**TASK INSTRUCTIONS:**
Print out each entry without alteration, and keep the pictures out.

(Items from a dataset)
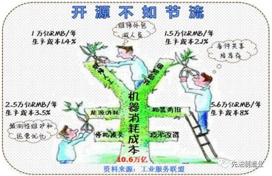 经济增长减速时代,开源不如节流,工厂成本主要发生在“人、机器、原材料”上。料的成本靠管理,比如供应链管理和丰田零库存管理;人的成本靠技术,比如机器人替代和人工智能替代;机的成本靠互联网连接,比如预测性维护和共享经济。用在“机器”这块的成本占生产经营成本的15%,放到全国来说就是10万亿,这一块成本以前没有受重视。
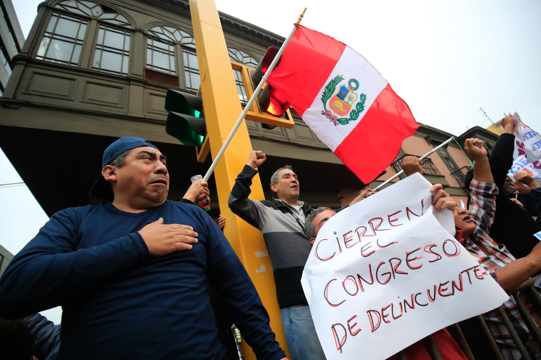 Colectivos ciudadanos se movilizan por el Centro de Lima en respaldo al anuncio del presidente de la República, Martín Vizcarra, de disolver constitucionamente el Congreso y convocar a elecciones parlamentarias.
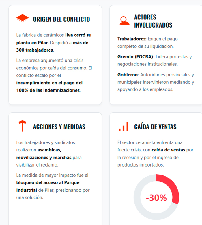 El caso Ilva se inscribió en una crisis más amplia para la industria cerámica. El sector enfrentó una retracción en la venta de productos para la construcción y un aumento de la competencia importada. Las ventas cayeron entre 25% y 30%, mientras los precios retrocedieron en un mercado deprimido. Los altos costos energéticos completaron un cuadro que complicó la ecuación de costos y márgenes.
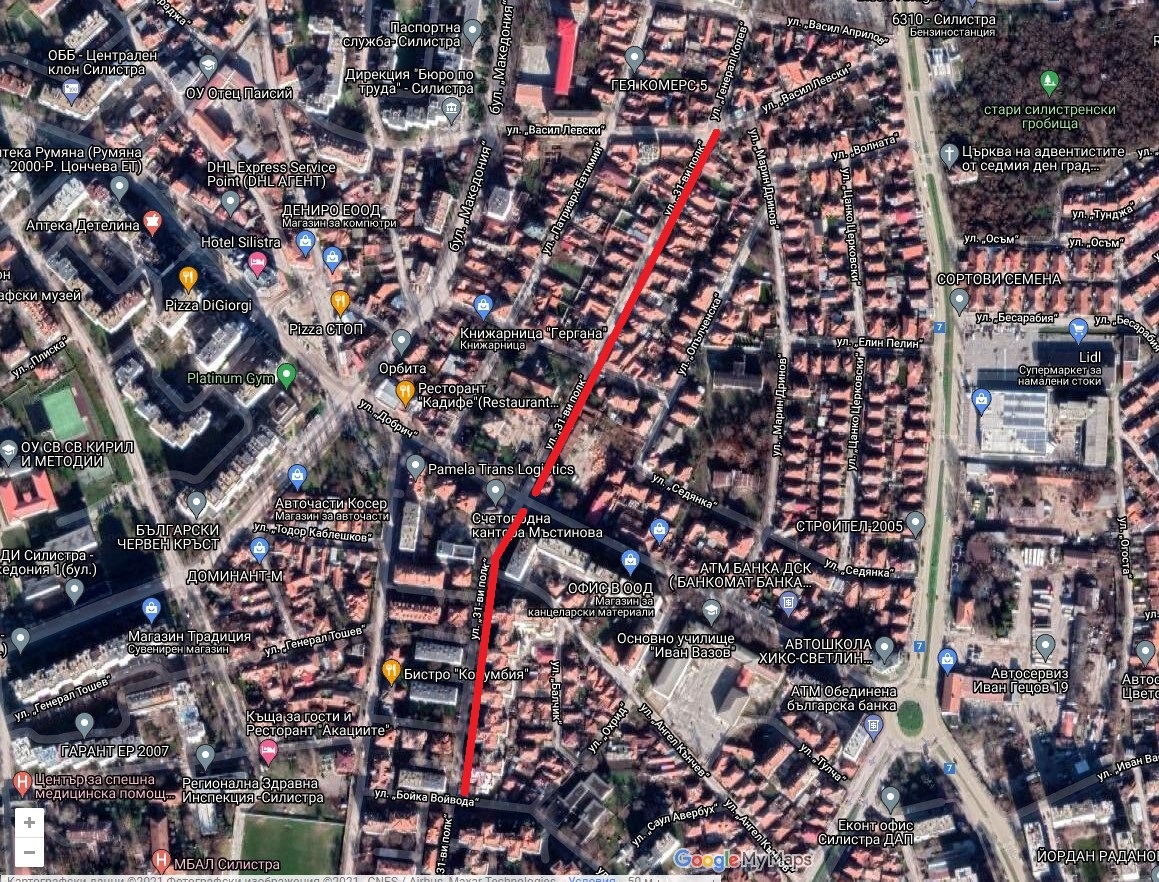 Със Заповед на кмета на Община Силистра, във връзка със съгласуван Технически проект за Временна организация и безопасност на движението (ВОБД) при изпълнение на строителни и монтажни работи по реконструкцията и доизграждане на ВиК мрежи в гр. Силистра считано от 30.11.2021 г. да бъде затворен за движение на моторни превозни средства (МПС) следния участък от уличната мрежа:
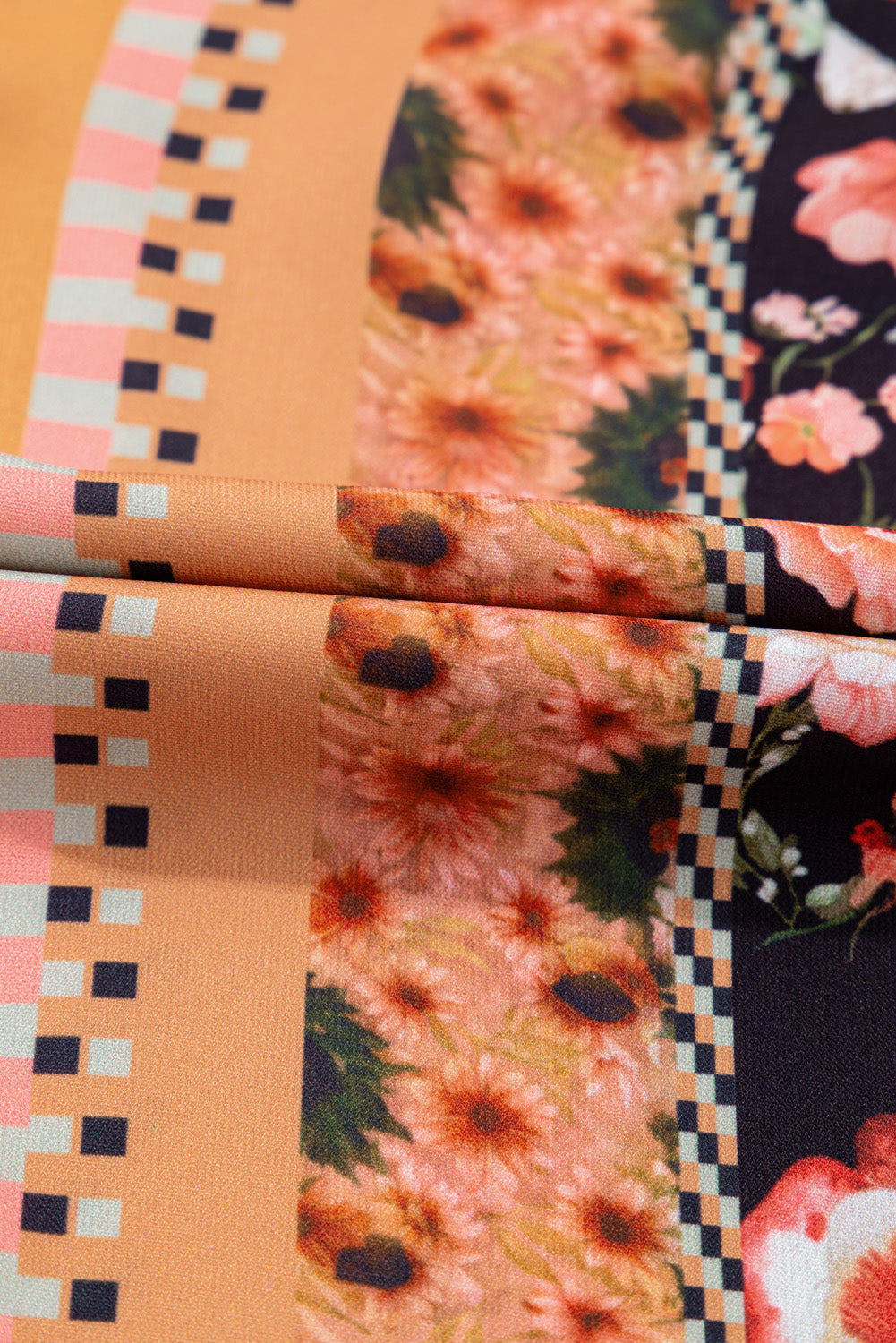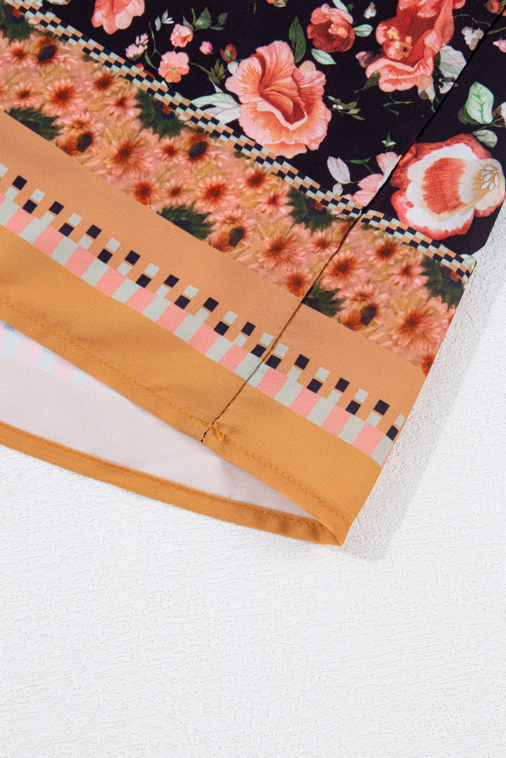 Black Plus Size Paisley Floral Print V Neck Bubble Sleeve Blouse

**EXERCISE RESPONSE:**
 经济增长减速时代,开源不如节流,工厂成本主要发生在“人、机器、原材料”上。料的成本靠管理,比如供应链管理和丰田零库存管理;人的成本靠技术,比如机器人替代和人工智能替代;机的成本靠互联网连接,比如预测性维护和共享经济。用在“机器”这块的成本占生产经营成本的15%,放到全国来说就是10万亿,这一块成本以前没有受重视。
 Colectivos ciudadanos se movilizan por el Centro de Lima en respaldo al anuncio del presidente de la República, Martín Vizcarra, de disolver constitucionamente el Congreso y convocar a elecciones parlamentarias.
 El caso Ilva se inscribió en una crisis más amplia para la industria cerámica. El sector enfrentó una retracción en la venta de productos para la construcción y un aumento de la competencia importada. Las ventas cayeron entre 25% y 30%, mientras los precios retrocedieron en un mercado deprimido. Los altos costos energéticos completaron un cuadro que complicó la ecuación de costos y márgenes.
 Със Заповед на кмета на Община Силистра, във връзка със съгласуван Технически проект за Временна организация и безопасност на движението (ВОБД) при изпълнение на строителни и монтажни работи по реконструкцията и доизграждане на ВиК мрежи в гр. Силистра считано от 30.11.2021 г. да бъде затворен за движение на моторни превозни средства (МПС) следния участък от уличната мрежа:
 Black Plus Size Paisley Floral Print V Neck Bubble Sleeve Blouse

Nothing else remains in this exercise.